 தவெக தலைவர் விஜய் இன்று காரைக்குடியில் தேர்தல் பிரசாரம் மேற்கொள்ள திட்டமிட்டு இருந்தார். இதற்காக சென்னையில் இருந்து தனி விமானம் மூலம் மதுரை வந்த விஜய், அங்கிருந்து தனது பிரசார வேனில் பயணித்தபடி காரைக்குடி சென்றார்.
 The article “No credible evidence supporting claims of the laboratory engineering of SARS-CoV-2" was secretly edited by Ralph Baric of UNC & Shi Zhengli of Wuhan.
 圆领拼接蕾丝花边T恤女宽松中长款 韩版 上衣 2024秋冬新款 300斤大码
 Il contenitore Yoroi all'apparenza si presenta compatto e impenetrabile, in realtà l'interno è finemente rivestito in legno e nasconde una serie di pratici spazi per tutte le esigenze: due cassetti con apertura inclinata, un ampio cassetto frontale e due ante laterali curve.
...
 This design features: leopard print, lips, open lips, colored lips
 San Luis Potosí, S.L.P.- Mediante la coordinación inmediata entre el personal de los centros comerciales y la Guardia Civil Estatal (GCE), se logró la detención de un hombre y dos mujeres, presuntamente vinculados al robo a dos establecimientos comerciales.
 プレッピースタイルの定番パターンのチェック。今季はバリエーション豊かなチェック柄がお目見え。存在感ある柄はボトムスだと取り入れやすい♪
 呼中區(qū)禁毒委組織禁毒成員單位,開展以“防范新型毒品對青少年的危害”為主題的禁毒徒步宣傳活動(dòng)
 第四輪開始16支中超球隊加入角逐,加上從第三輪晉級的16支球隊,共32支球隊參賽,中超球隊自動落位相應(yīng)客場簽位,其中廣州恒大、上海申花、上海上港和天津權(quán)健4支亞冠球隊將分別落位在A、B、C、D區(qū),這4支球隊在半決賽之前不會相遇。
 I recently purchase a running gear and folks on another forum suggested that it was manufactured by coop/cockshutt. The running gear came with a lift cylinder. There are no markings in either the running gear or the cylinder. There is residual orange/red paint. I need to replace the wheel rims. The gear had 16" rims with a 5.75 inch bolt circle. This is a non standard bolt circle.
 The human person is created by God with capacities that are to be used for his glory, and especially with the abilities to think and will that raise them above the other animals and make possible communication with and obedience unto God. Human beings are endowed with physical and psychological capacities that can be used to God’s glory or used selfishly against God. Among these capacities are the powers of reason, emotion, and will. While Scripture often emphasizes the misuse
==
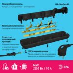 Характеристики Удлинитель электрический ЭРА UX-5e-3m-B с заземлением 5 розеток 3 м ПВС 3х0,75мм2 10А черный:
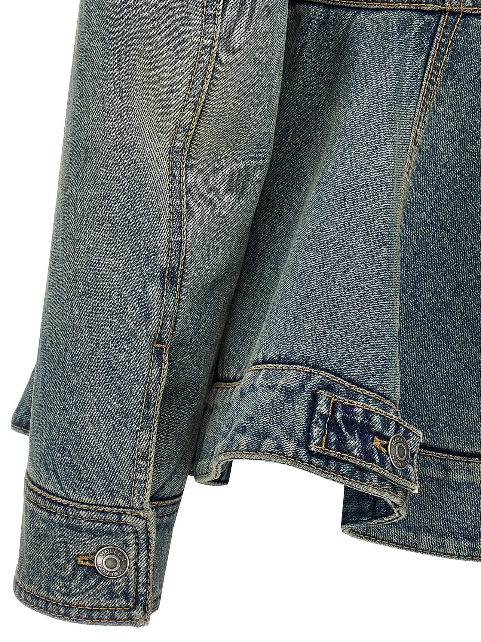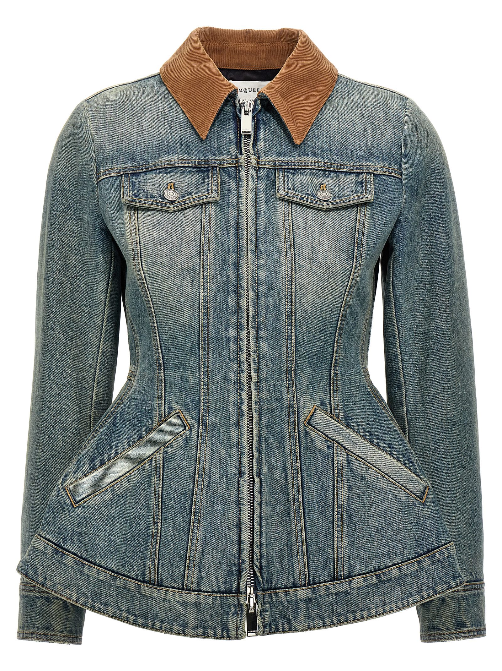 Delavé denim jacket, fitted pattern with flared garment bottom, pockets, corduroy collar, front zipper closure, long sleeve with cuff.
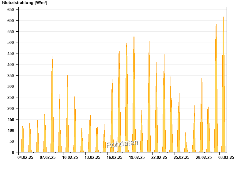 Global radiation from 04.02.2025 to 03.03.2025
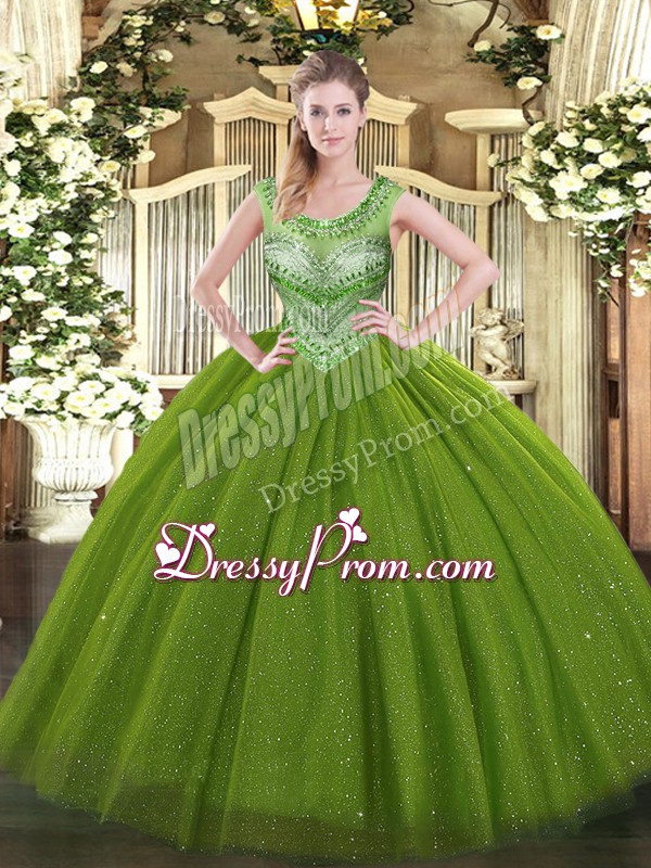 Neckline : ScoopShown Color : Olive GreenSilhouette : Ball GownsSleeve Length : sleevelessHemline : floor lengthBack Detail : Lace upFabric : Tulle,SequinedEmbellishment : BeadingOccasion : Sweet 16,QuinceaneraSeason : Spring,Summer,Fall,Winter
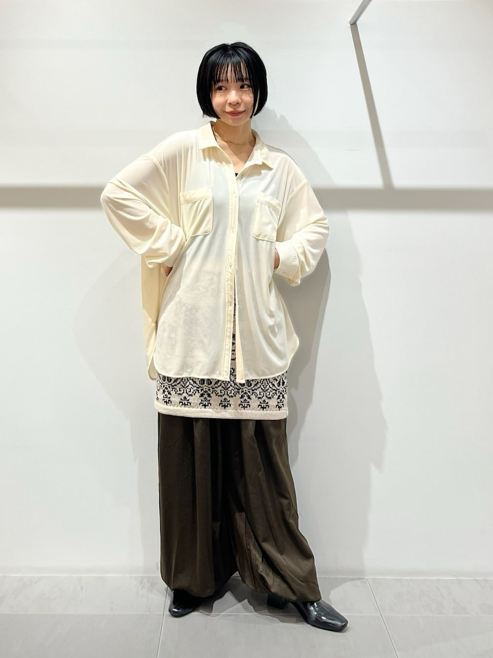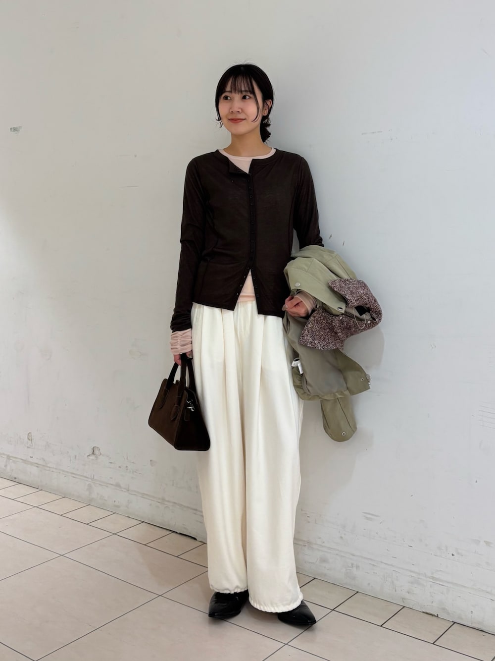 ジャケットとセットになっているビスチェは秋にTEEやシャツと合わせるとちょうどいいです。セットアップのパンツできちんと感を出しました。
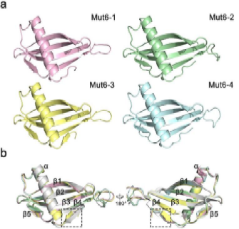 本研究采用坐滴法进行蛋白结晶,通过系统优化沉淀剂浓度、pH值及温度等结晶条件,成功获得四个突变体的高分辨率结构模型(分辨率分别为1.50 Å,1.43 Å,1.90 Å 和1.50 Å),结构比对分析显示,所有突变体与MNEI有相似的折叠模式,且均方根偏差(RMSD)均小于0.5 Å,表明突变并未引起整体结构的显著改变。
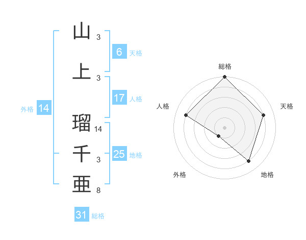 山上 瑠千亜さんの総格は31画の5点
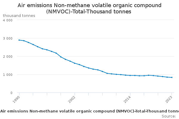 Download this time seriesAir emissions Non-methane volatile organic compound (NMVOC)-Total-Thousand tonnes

— ASSIGNMENT —
Using the records above, print exactly the lines between the ones containing "山上 瑠千亜さんの総格は31画の5点" and "Download this time", inclusive, and nothing else; no pictures.

— EXPECTED ANSWER —
 山上 瑠千亜さんの総格は31画の5点
 Download this time seriesAir emissions Non-methane volatile organic compound (NMVOC)-Total-Thousand tonnes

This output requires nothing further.